In July, our friends at 14-18 NOW and Tate presented an ambitious new work, The Head & the Load, by South African artist William Kentridge and composer Philip Miller.
A sold out audience in Tate Modern’s Turbine Hall experienced the world premiere of the work live and now you have a unique opportunity to watch the performance as it happened.
The piece explores the largely untold story of the tens of thousands of African porters and carriers during the First World War. The epic work looks back at the global impact of the war at the centenary of Armistice.
Scroll to the bottom of this page to watch the film. This is a digital artwork viewable exclusively online.
About The Head & the Load
The Head & the Load, an ambitious new work from William Kentridge with music composed and conceived by Philip Miller, received its world premiere in Tate Modern’s iconic Turbine Hall from 11–15 July 2018. The performance is part of 14-18 NOW, the UK’s arts programme for the First World War Centenary, and tells the largely untold story of the role of African porters and carriers during that war. The work is co-commissioned with New York’s Park Avenue Armory, Ruhrtriennale, MASS MoCA with additional support from Holland Festival.
The Head & the Load sees Kentridge work with his long-time collaborator Philip Miller, one of South Africa’s leading composers, musical director Thuthuka Sibisi and choreographer and main dancer Gregory Maqoma, to create what the artist describes as “an interrupted musical procession”. This rich and multi-layered performance features an international cast of singers, dancers and performers, many of whom come from South Africa, with Miller’s score performed live by New York-based chamber orchestra The Knights.
Taking its title from a Tswana proverb, ‘the head and the load are the troubles of the neck’, this epic theatrical-music piece will tell the neglected story of the hundreds of thousands of African porters and carriers who served British, French and German forces during the First World War. It draws on every aspect of Kentridge’s practice to combine music, dance, projections, mechanised sculptures and shadow play.

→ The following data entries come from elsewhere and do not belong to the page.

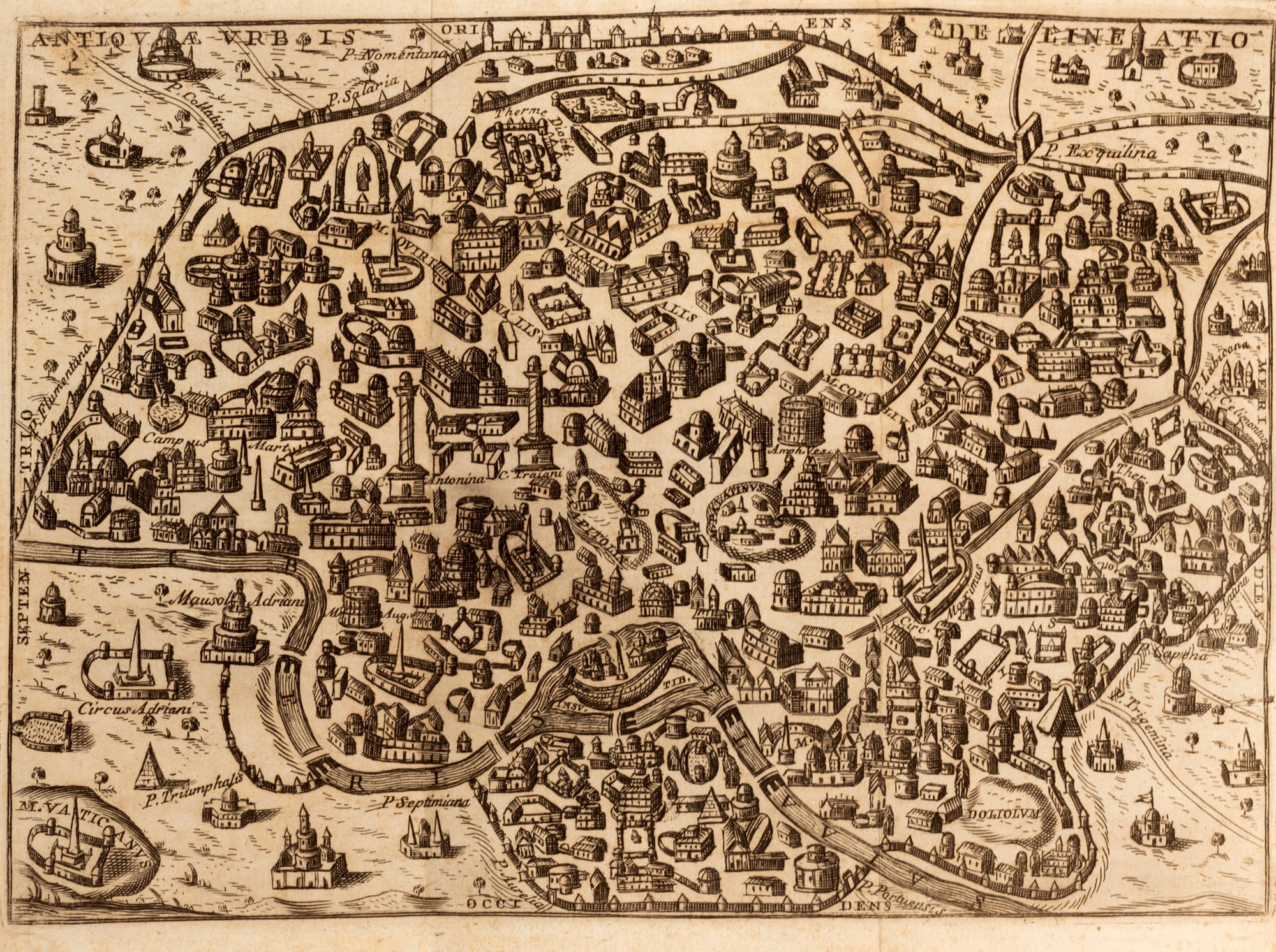 Roma, Giacomo Dragondelli, 1675. In 8°. Frontespizio xilografico incorniciato da struttura architettonica figurata, con 1 tavola a doppia pagina e numerose illustrazioni nel testo, leggera brunitura, sporadiche fioriture, fascicolo D e ultime due carte allentati, legatura coeva in pergamena, lievi difetti.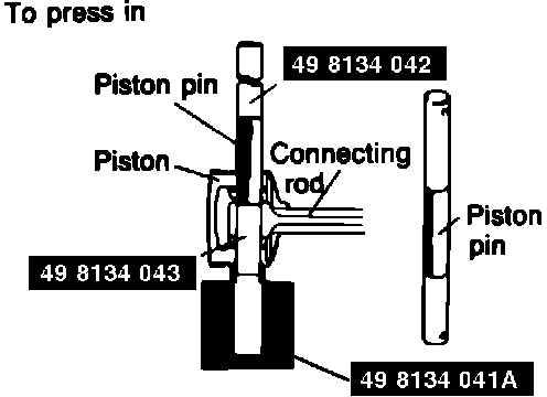 6. The piston pin should be pressed inward until the lower end of guide 498134044 meets the bottom of block 498134041A. Do not exceed 3300 lbs. When pressing pin into piston.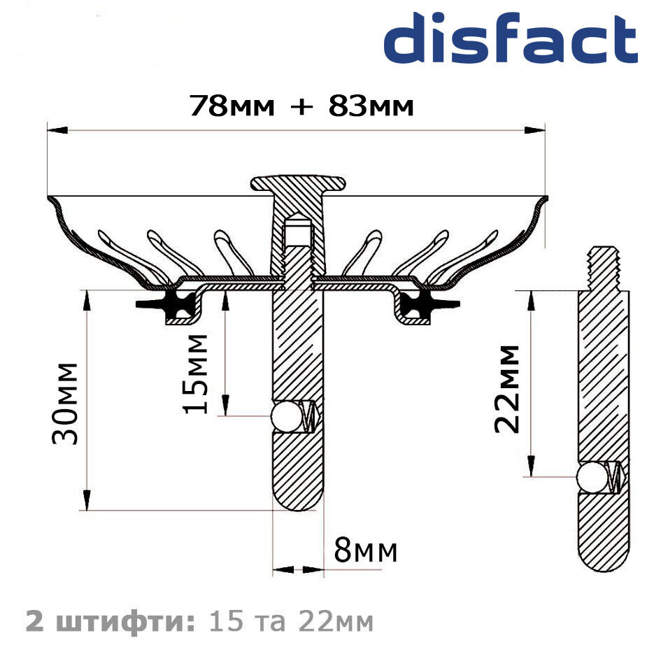 У комплекті передбачено одразу дві сітки популярних розмірів — 78 мм і 83 мм, а також два штифти діаметром 8 мм різної довжини. Це робить комплект більш універсальним і зручним у підборі для різних типів кухонних мийок. Додаткові кріпильні елементи та ущільнення допомагають швидко зібрати комплект і встановити його без зайвих складнощів.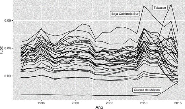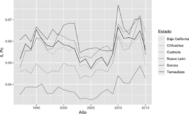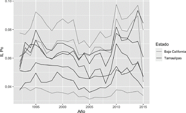 Desagregando los datos de las áreas metropolitanas pero agrupados por estado (Gráfica 2), se observa que el comportamiento no es homogéneo entre los estados, como lo mencionan Rodríguez-Benavides et al. (2016), al identificar seis diferentes grupos cuando analizan el ingreso estatal. Si bien el trabajo mencionado saca a relucir dichas diferencias, estas no son del todo obvias. Por ejemplo, la franja de los estados fronterizos del norte, agrupación tradicionalmente utilizada dentro de la literatura, sale a relucir desde inspecciones meramente visuales, como la de Sanén y Romero (2010), hasta bajo el análisis de desempeño como el de Brida et al. (2013), que clasifican estos estados como integrantes del grupo denominado de alto desempeño. De hecho, si observamos los datos, se identifica la similitud en el comportamiento del índice ILpc para las zonas metropolitanas pertenecientes a dichos estados (Gráfica 3), donde las diferencias son en su mayoría solo de nivel.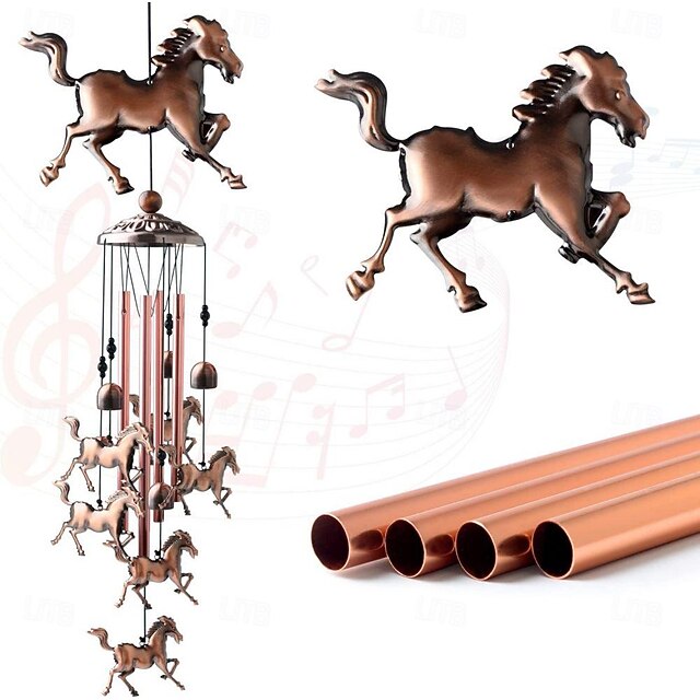 Highlights UNIQUE DESIGN - Handcrafted Copper Horse Wind Chimes with 4 aluminum tubes, 6 small lucky horses, 1 big lucky horse, and 6 iron balls. Each tube creates a unique tone for a harmonious and pleasant sound. SYMBOLIC MEANING - Wind chimes symbolize love, safety, happiness, health, peace, and wealth. Their sweet sounds bring joy and relaxation, making them a perfect memorial gift. charming DECOR - Lightweight and easy to hang, these wind chimes add a vibrant melody to gardens, balconies, windows, and living spaces. They also serve as a tribute to special people and memories. PERFECT GIFT - An ideal gift for birthdays, holidays, or memorials, these wind chimes offer unique design and meaningful symbolism, bringing comfort and happiness to recipients. DURABLE & WEATHER-RESISTANT - Made from high-quality materials, these wind chimes are built to withstand various weather conditions, ensuring long-lasting beauty and melody for both indoor and outdoor spaces. Perfect for everyday use. excellent materials and excellent craftsmanship ensure long-lasting durability.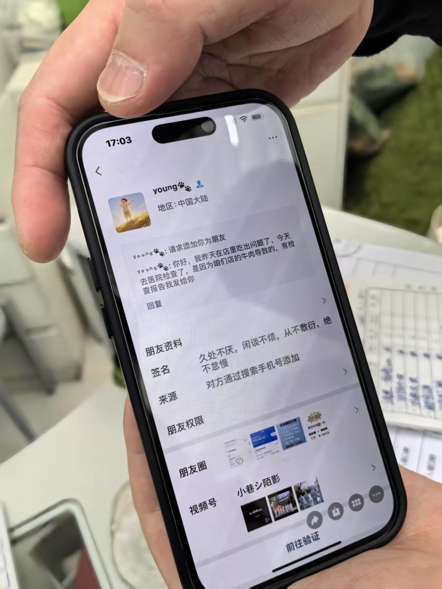杨某通过点评网站上刘店长预留的手机号码,主动加了他的微信,提出索赔。

William Kentridge is an internationally acclaimed South African artist, renowned for the evocative power of his work, which has thrilled audiences around the globe. His exhibitions and large-scale, staged performances delve into the history of colonialism in Africa and the aspirations and failures of revolutionary politics, while engaging a wide-range of visual and aural references - from European high modernism, to African traditional and contemporary music and dance. His work has been shown and collected by museums all over the world.
The Head & the Load is co-commissioned by 14–18 NOW: WW1 Centenary Commissions, Park Avenue Armory, Ruhrtriennale and MASS MoCA with additional support from Holland Festival.
Produced by THE OFFICE performing arts + film in association with Quaternaire.World premiere in London at Tate Modern with support from the Naomi Milgrom Foundation. 14–18 NOW is supported by the National Lottery through Heritage Lottery Fund and Arts Council England, and by the Department for Digital, Culture, Media & Sport.
The Head and the Load acknowledges the kind assistance of Marian Goodman Gallery, Goodman Gallery and Lia Rumma Gallery.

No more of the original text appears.